Still, no one should misunderstand what Beck is doing, which is selling himself, says Greg Baym, who studies media and politics at the University of North Carolina in Greensboro. “We have, as a culture, largely given up on the notion of truth with a capital T,” he says. “And in the absence of an objective sense of truth, there is only trust. Glenn Beck has an extremely committed audience that trusts everything he says.”

With trust comes a certain freedom to modulate the message, laughing off one’s own contradictions, Baym notes. He compares Beck’s style not to fellow ultra-conservative broadcasters like O’Reilly and Rush Limbaugh, but to the liberal TV comedian Jon Stewart, whose Oct. 30 rally in Washington aped the one Beck held in August. Like Stewart, Beck deploys hyperbole, mockery and melodrama, while spinning off the news of the day. As such, says Baym, he is “the newest version of a hybrid” political commentator, who builds credence by speaking as his audience might around a bar, or a water cooler.
Trust can also be good business. In the last two years, Beck and his production company, Mercury Radio Arts, have made the most of his celebrity, publishing two books while embarking on a gruelling series of road shows like the one at Mohegan Sun. His 2009 income has been estimated at $18 million, including $10 million for his radio show. Even O’Reilly—earning a reported $10 million-plus per year—has taken to ribbing him about his wealth.

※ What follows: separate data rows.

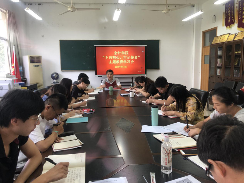 为统一思想认识,提高政治站位,贯彻学校主题教育工作部署,积极推动基层党组织开展主题教育活动,会计学院党总支于9月18日13:00在7218会议室召开“不忘初心,牢记使命”主题教育学习会,参加本次会议的有会计学院党总支副书记兼副院王忠孝、党总支副书记邵月花、副院长李华以及会计学院全体教师党员。本次会议由王忠孝主持。
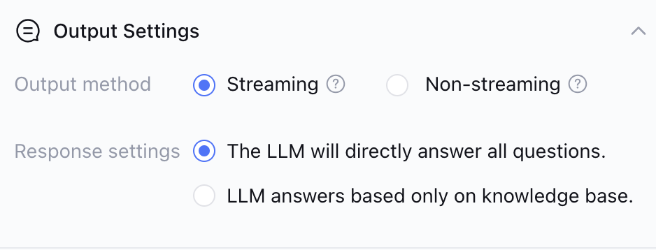 Output method: Supports choosing whether answers are output in streaming form (character-by-character) or non-streaming form (output all at once after generation).
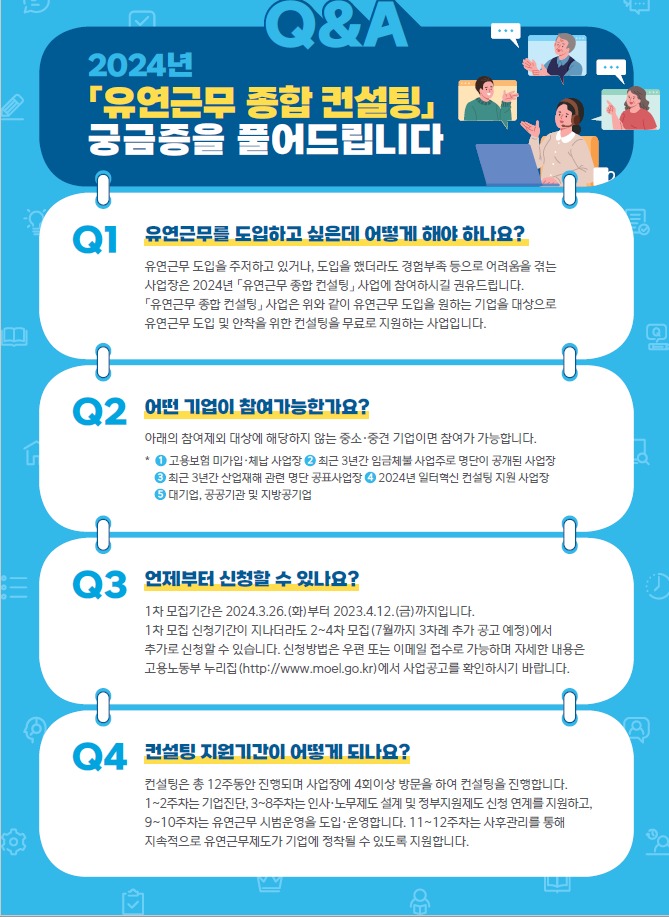 - 고용노동부, 2024년 유연근무 종합 컨설팅 참여기업 모집(3.26.~4.12.)
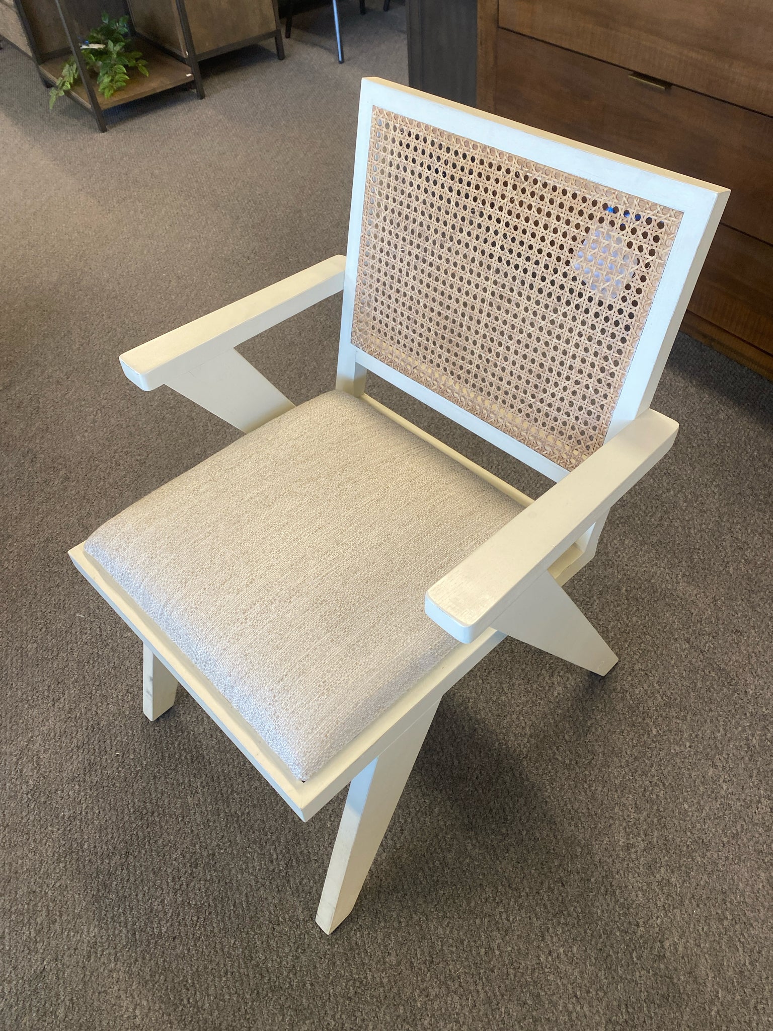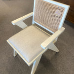 Set of 6 Flora Distressed Cream W Natural Cane and Upholstered Seat Dining Chairs
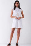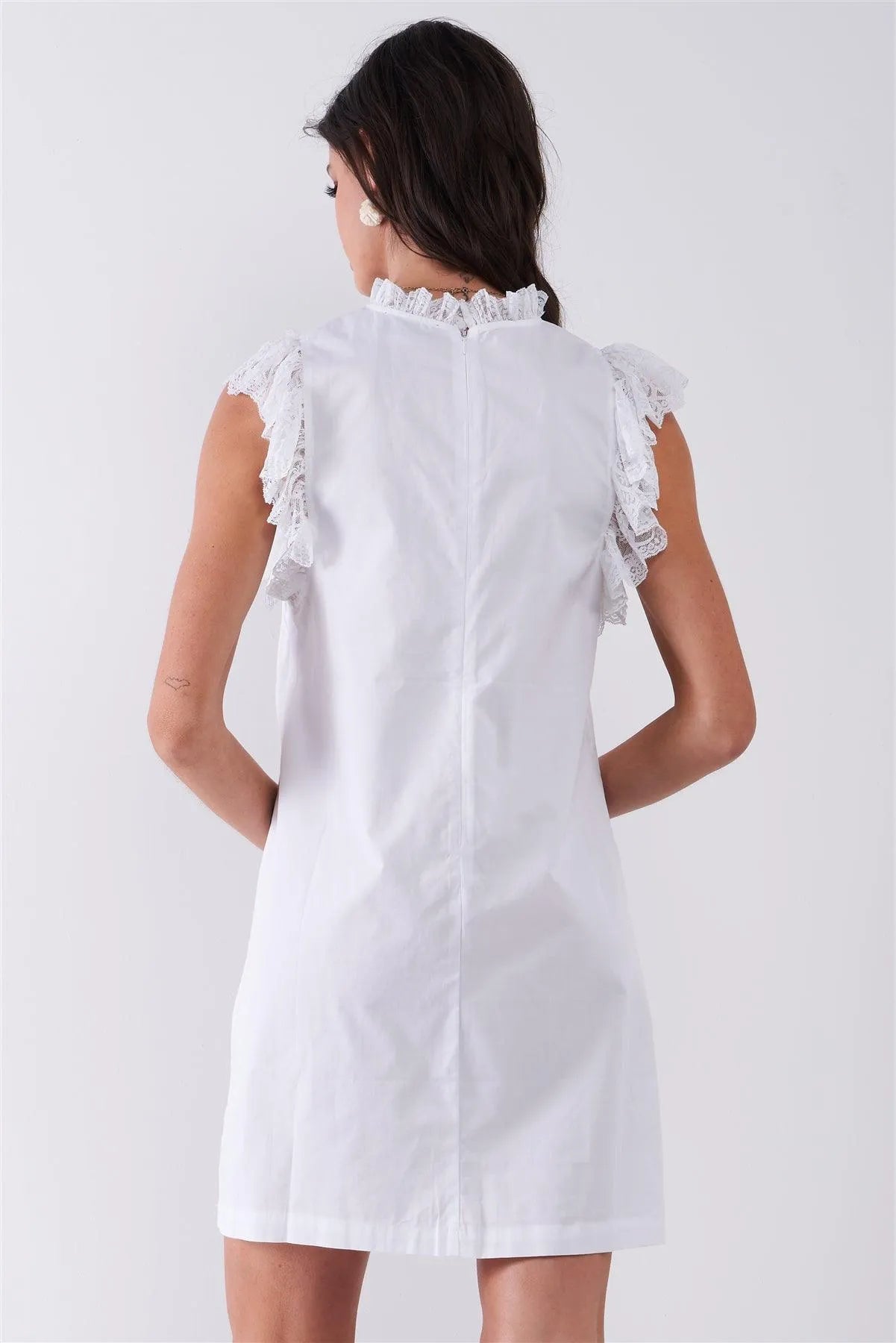 White Solid Sleeveless Lace Frill Trim Relaxed Mini Dress /1-1-2-1

With the rewards so high, it’s hard to imagine him leaving the studio, from where he is best positioned to influence the 2012 presidential race. Already he has given his message a strategic tweak, leavening it with suggestions that, for Americans, help is on the way. In Connecticut, he posits his personal tale of recovery and redemption as a fable for the U.S. body politic. “You won’t learn until you’re face down on the ground, and that’s where we are as a country,” he says to warm applause. “We will get back up again.”

With that, he leaves the stage, weaving his way through a forest of extended hands, basking in declarations of love as his velvet robes billow behind him. It might only be costume. But on this night the royal garb suits Glenn Beck just fine.


 

In Glenn we trust

  1. One suspects Glenn Beck is a uniquely American phenomenon. Only there do the conditions necessary for his ascendance exist: a national mythology of individualism, a tradition of religious belief, communications media largely without conscience, a failed educational system that has produced a populace ignorant of both history and science, and a cult of celebrity are some of the requirements.

    • "a national mythology of individualism"

      Interesting way to explain the most successful virtue the world has ever known…

      • According to Ayn Rand her cult followers.

        • According to the rational understanding of human nature.

      • You are both right.

  2. Canada's Glenn Beck will emerge one day. SunTV, can't wait until you're here.

    • Canada already has a version of Glenn Beck– Ezra Levant.

      • He's good, but he doesn't seem to have that personality that people rally behind. The man definitely has sound principles though, but just doesn't have that "it" factor that Glenn Beck does. Maybe it's just because we're Canadians though…

  3. "…He has shattered assumptions about what you can do on television." Um, sure, as long as you're completely ignorant, or comfortable feigning complete ignorance, of U.S. televangelism, that statement is pretty accurate.

  4. You know things are out of whack and tilted way to the right when David Frum is described as a mainstream Republican.

  5. You have it all wrong, dear author, it isn't "In GB we trust" it is "With GB we mis-trust."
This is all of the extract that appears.